The Second Season, produced by American Fred Freiberger, was a totally different ballgame altogether, trying to appeal to more mainstream audiences, and consequently making the series duller, even ham-fisted in its attempts to add more humour and "human interest" to its stories. The marriage of of Gerry and Sylvia Anderson was rapidly breaking up at that time (as was, in fact, also Landau's and Bain's) which was eventually having some effect on how the things would turn up when Freiberger took the place of Sylvia Anderson as the series' executive producer; there was also increasing pressure to make the series more accessible to the Trans-Atlantic audiences. Under Freiberger's direction the tone of the series turned into silly "Rubber Monster of the Week" show; with some Love Boat-esque "romantic comedy" added. Some of the Second Season episodes are downright unwatchable.

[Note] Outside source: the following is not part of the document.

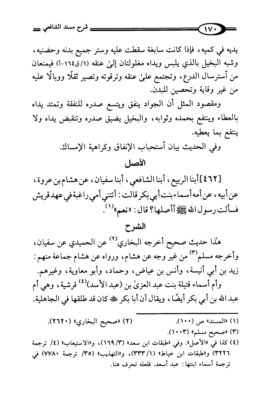 [462] أبنا الربيع، أبنا الشافعي، أبنا سفيان، عن هشام بن عروة، عن أبيه، عن أمه أسماء بنت أبي بكر قالت: أتتني أمي راغبة في عهد قريش فسألت رسول الله - صلى الله عليه وسلم - أأصلها؟ قال: "نعم" (¬1).
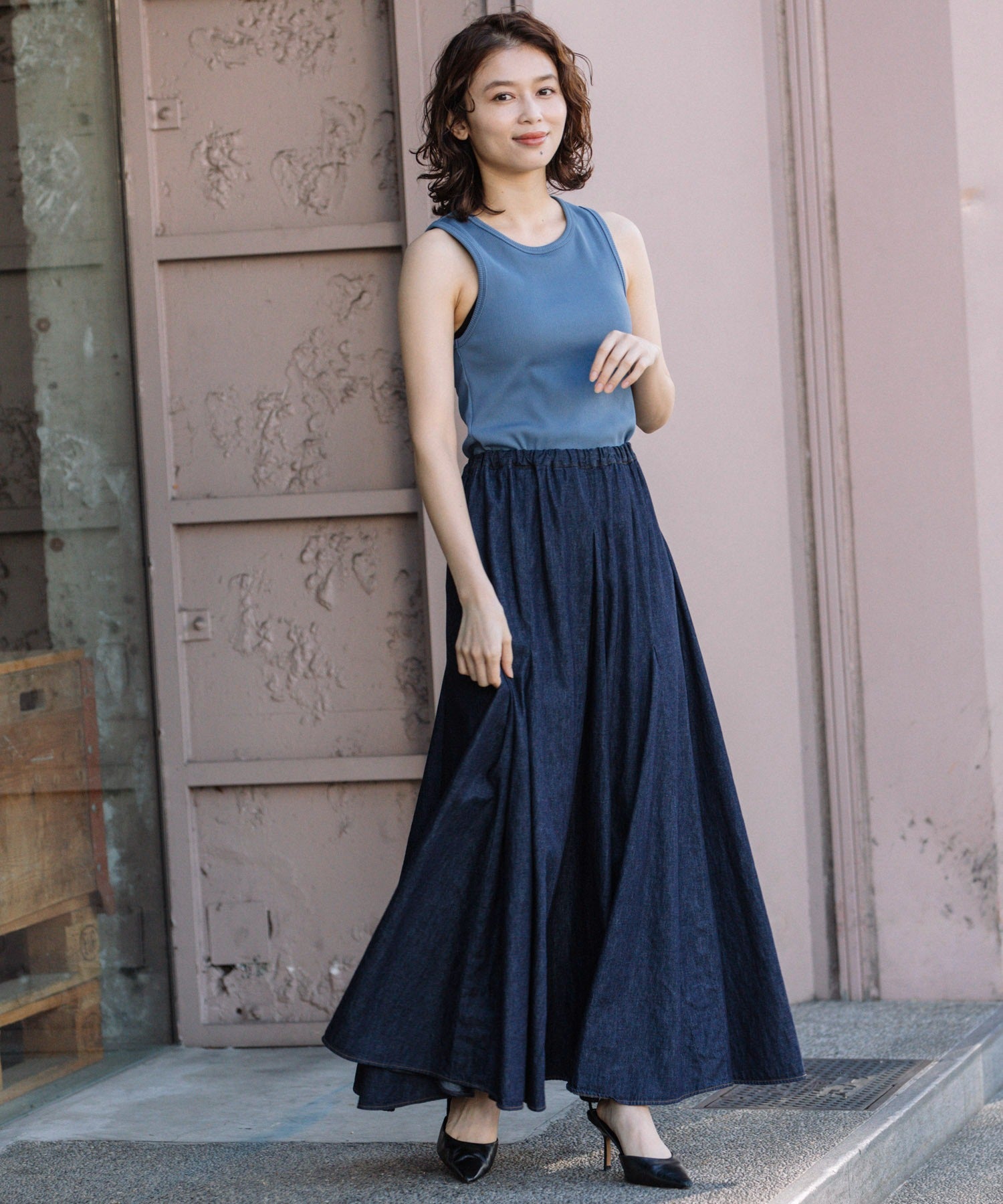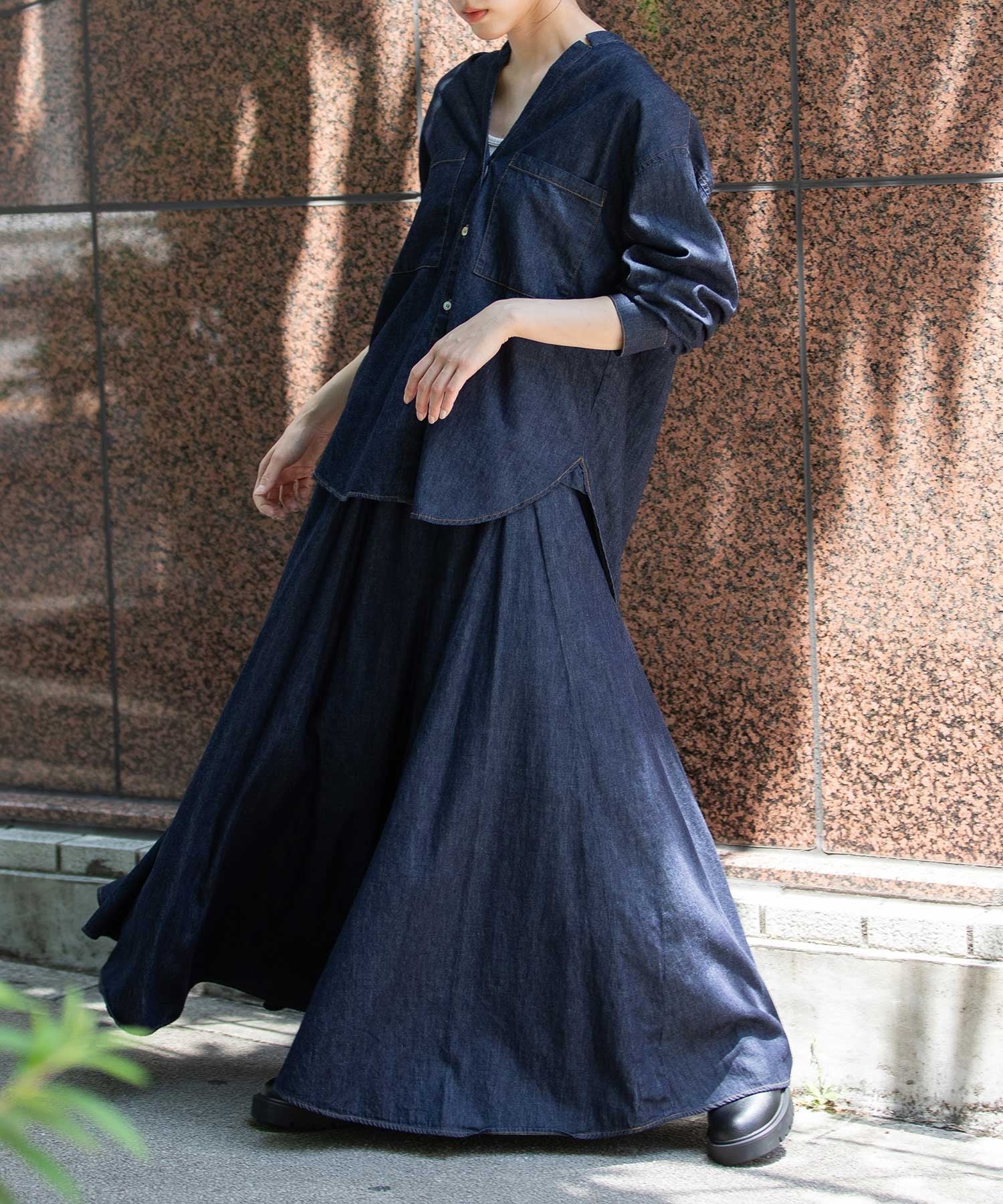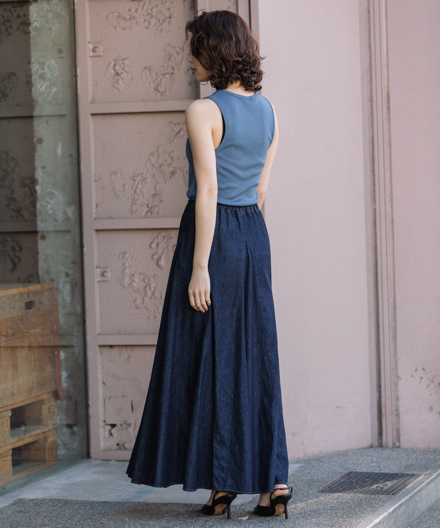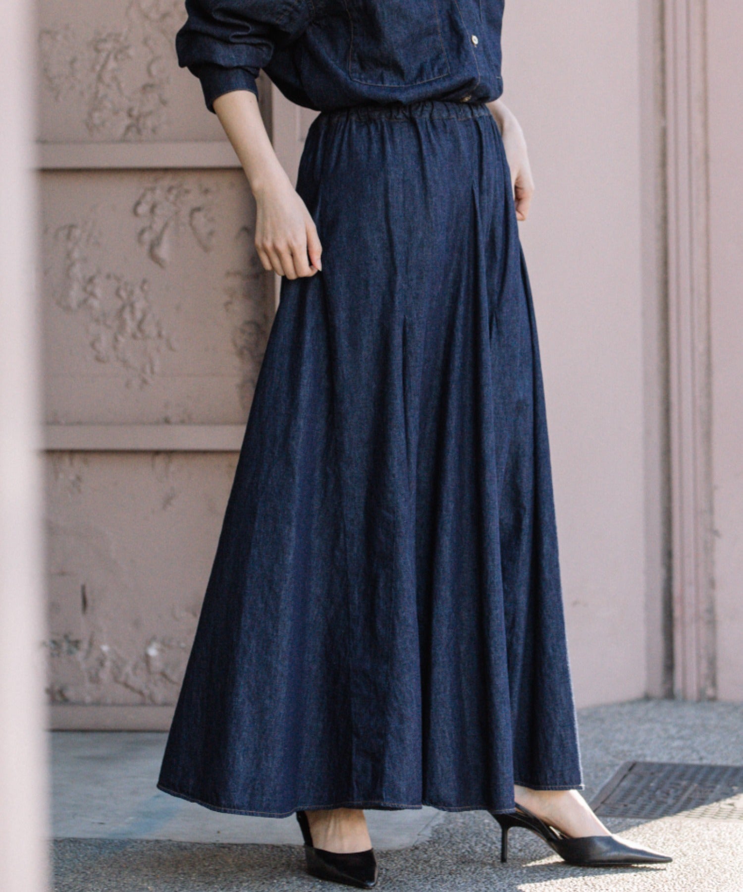 ◆軽さとドレープ性を併せ持った8枚接ぎのシーズレスで使えるライトオンスデニムスカート◆

It should be fair to say, though, that the second series did have some redeeming qualities, such as Derek Wadsworth's jazzy soundtrack music, and above all, the Psychon science officer Maya, played by lovely Catherine Schell (on the right); she had ready appeared in the "Guardian of Piri" episode of the First Season, as the Guardian's Servant. S99 wasn't her first trip to the Moon, though: she had already starred in 1969's "space western" Moon Zero Two by Roy Ward Baker, another film made in the aftermath of 2001. Schell replaced Barry Morse (who Fred Freiberger thought was too old - just tell that to the fans of Jean-Luc Picard)... Also the Quatermass director Val Guest would take care of some of the Second Season episodes. Nevertheless, Space: 1999 folded after its Second Season, to live only in the re-runs and the minds of fans.